Exercise aim
Scan the records below for the line containing "SVA ccc. J?... ////" and the line containing "Harvest Land Women’s". Copy both, plus every line between, exactly.

Recorded information
* * *

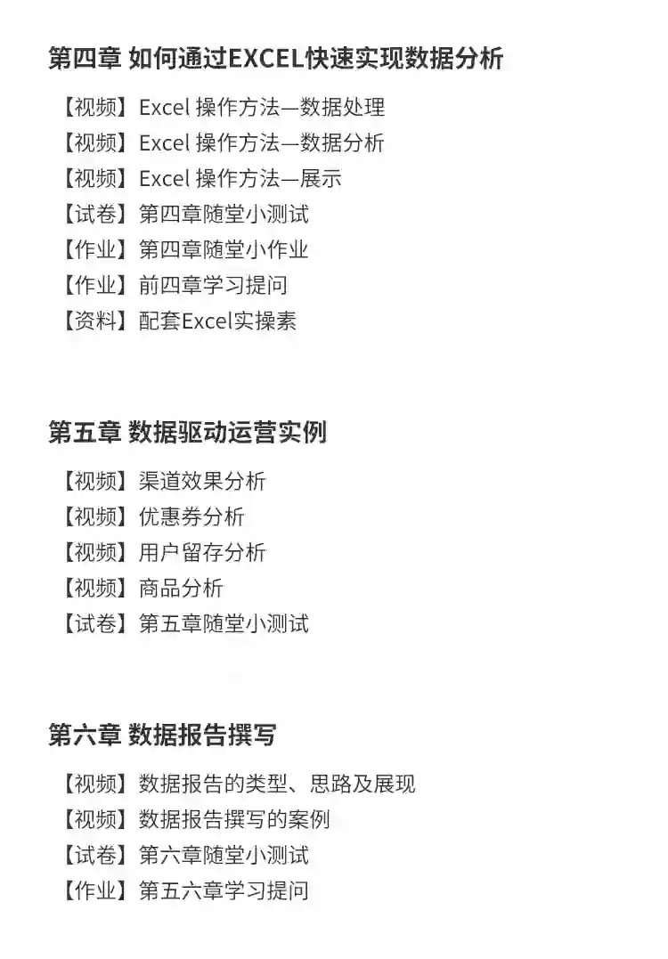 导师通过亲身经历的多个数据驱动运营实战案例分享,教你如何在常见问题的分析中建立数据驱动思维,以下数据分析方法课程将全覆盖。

* * *

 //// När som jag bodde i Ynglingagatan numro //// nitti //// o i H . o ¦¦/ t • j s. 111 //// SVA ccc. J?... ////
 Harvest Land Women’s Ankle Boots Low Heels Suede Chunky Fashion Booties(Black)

* * *

Task response
 //// När som jag bodde i Ynglingagatan numro //// nitti //// o i H . o ¦¦/ t • j s. 111 //// SVA ccc. J?... ////
 Harvest Land Women’s Ankle Boots Low Heels Suede Chunky Fashion Booties(Black)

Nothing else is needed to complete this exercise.